*** Opening of DATA UNDER STUDY ***

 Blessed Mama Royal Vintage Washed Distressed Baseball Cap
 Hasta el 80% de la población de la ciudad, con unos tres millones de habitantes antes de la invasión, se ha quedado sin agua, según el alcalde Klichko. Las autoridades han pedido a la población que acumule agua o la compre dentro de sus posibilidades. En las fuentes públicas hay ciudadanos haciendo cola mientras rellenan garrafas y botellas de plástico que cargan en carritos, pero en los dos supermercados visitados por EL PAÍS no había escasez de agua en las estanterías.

*** Close of DATA UNDER STUDY ***
*** Opening of DATA UNDER STUDY ***

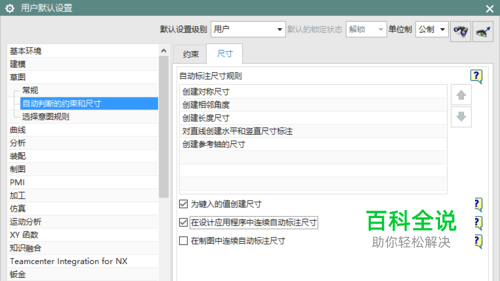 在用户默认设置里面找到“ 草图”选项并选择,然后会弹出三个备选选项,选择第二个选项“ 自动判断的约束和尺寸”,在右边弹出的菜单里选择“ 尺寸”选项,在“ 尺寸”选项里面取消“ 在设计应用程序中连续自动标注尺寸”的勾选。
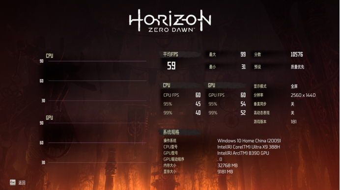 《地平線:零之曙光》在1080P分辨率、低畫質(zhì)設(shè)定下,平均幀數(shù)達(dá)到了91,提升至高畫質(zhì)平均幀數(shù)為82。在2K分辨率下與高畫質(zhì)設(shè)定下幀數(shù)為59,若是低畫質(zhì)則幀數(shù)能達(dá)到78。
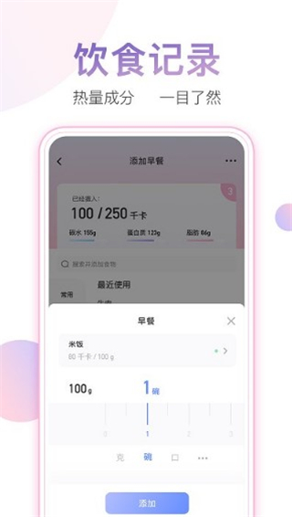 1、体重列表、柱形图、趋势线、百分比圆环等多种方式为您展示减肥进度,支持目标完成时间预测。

*** Close of DATA UNDER STUDY ***

Look above for the line with "Blessed Mama Royal" and the line with "Hasta el 80%"; transcribe both and all lines in between, exactly, and nothing else.

 Blessed Mama Royal Vintage Washed Distressed Baseball Cap
 Hasta el 80% de la población de la ciudad, con unos tres millones de habitantes antes de la invasión, se ha quedado sin agua, según el alcalde Klichko. Las autoridades han pedido a la población que acumule agua o la compre dentro de sus posibilidades. En las fuentes públicas hay ciudadanos haciendo cola mientras rellenan garrafas y botellas de plástico que cargan en carritos, pero en los dos supermercados visitados por EL PAÍS no había escasez de agua en las estanterías.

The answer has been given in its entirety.